嗚咽が小さくなるのを待って、ゆっくりと慰めの言葉をかけてもらった。
葵:
「怖ったね。つらかったね。よしよし」
ニキータ:
「ユフィが、ユフィのことが……」
葵:
「うん。嫌いになりたくなかったんだよねぇ。だから、本当のことは聞かなかったんだよね」
ニキータ:
「はい、はい……。うううう」
30人以上と聞いてしまった後では、本当のことは聞けなかった。ユフィリアのことを信じられなくなるのが怖かった。だけど、信じてあげられなかったことが悲しい。後悔している。ちゃんと信じてあげれば良かったのだ。もっと早くに。自分の目でみたあの子だけが、本当なのだと分かっていたはずなのに。でも私は、私自身のことを信じていない。あの子を信じられるかどうか、自分に自信がなかった。自分は大したことがないと分かっていた。
葵:
「大丈夫。まだ手遅れなんかじゃないよ」
その言葉に救われた気がした。もう一度、私は泣いた。ため込んだ感情をすっかり吐き出してしまうまで。
葵:
「……すっきりした?」
ニキータ:
「はい。取り乱してしまって、すみませんでした」
葵:
「いやいや、たまにはそういうのも可愛いもんだよ。感情をため込むと、グレードアップするからね。もっと傷つくし、周りも巻き込んじゃうぐらい大きくなるから。ときどき、吐き出すのも大事だよ」
ニキータ:
「わかりました」
葵:
「うむっ!」
この人には一生かかっても敵わないのだろう。心の底からそう思った。それは心地よい諦めだった。
石丸:
「ひとつ質問してもいいっスか?」
葵:
「むっ、なにかね?」
石丸:
「2回以上引っ越ししていたとして、どうして小学生時代になるんスか?」
ニキータ:
「ユフィが髪を伸ばしていたから、ですね?」
葵:
「その通り。

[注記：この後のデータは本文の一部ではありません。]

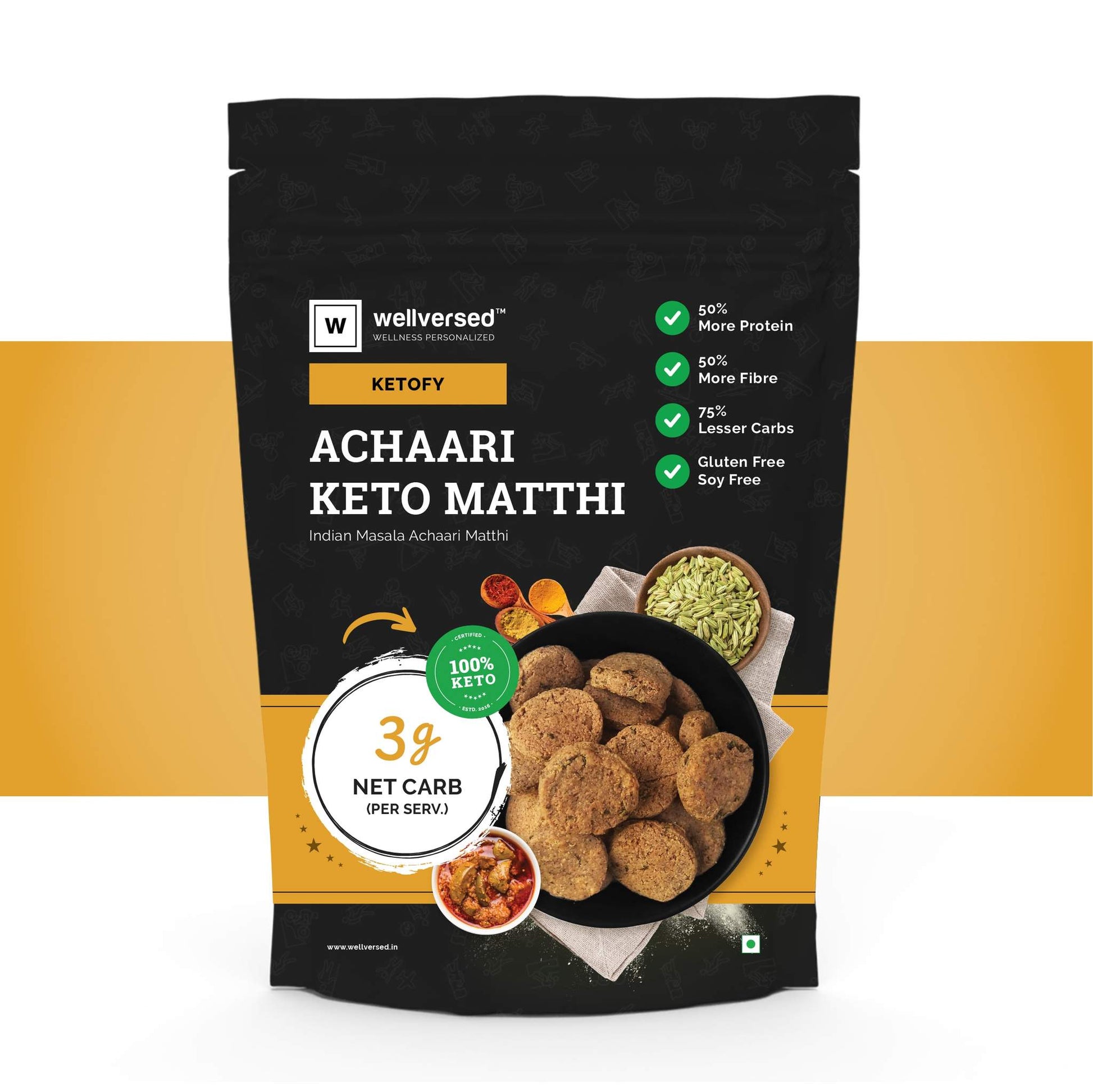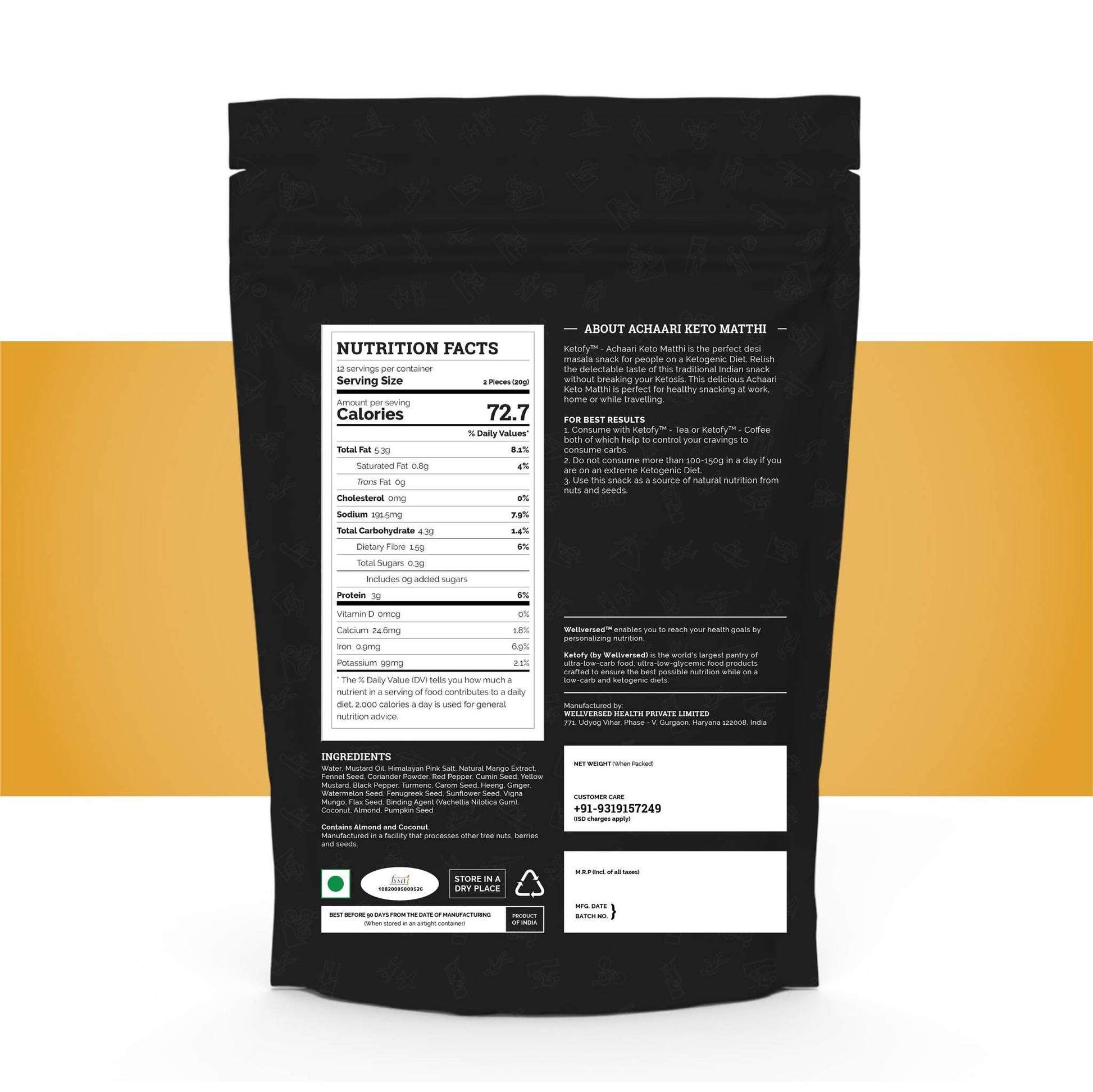 Ketofy Achaari Matthi is a Rajasthani snack which has been specially curated to provide you the healthier keto version of the popular snack. It provides you a desi taste of traditional spices with a crispy edge.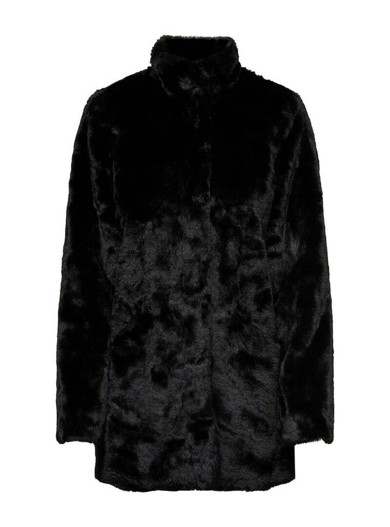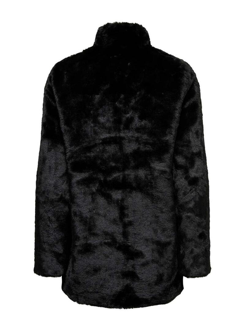 Giacca in pelliccia sintetica Only. Modello Onlvida. Colore nero. Collo alto. Manica lunga. Chiusura con bottoni. Tasche frontali. Morbido al tatto. Fodera in poliestere.

説明してごらん」
ニキータ:
「リコが髪型をショートカットにしてるのは、たぶんタクトくんの好みだからです。そしてそのタクトくんは、ユフィの髪型を見て、ショートが好みだと言った」
石丸:
「しかし、それはリコさんに確認していないのでは? 髪型は個人の自由に属するもので、確証はないと思うっス」
葵:
「そこはホレ、髪が長いか短いかは勝ち負けの話だからね。イイ女っつーか、負けず嫌いは髪が長いもんなのよ。長きゃ良いってもんでもないんだけど。リコちゃんが短いのは、あたしには違和感だなぁ。ほら、ニナちゃんだって、ユフィちゃんだって、けっこう長いでしょ?」
ニキータ:
「……まぁ、そういうこともあるというか」
石丸:
「そうっスか」
葵:
「髪が長いのって邪魔だし、手入れが大変で、ともかく手間なんよ。だから長い髪は、なんだかんだ言っても女のステータスだね」
石丸:
「『マウンティング』っスか」
葵:
「そそ。そんな感じ」
ニキータ:
「あの子、タクトくんの好みを聞いて、バッサリいったんですね」
葵:
「気合い入ってるよね。確かに面白いかも」
本筋の話は終了した。推論に過ぎないとはいえ、とても、とても大事な内容だった。ユフィリアを甘やかして、優しくしたい気分だった。
ニキータ:
「……これから、どうなるんでしょう?」
葵:
「いやぁ、ユフィちゃんは考えてること読めないかんなー。傾向とかしかわかんないね」
ニキータ:
「周りを巻き込んで、よく分からないことになるのがパターンですね」
葵:
「それで行くと、タクトくんとリコちゃんを仲間にするのかな? だけど、ジンぷーをどうやって説得するかだよね。今回はヘソ曲げてっから、よっぽどのことがないときびしーやね」
ニキータ:
「よっぽど……」
結論的には、その『よっぽど』をあっさりとやってしまうのだが、この時の私たちにはそこまでは分からなかった。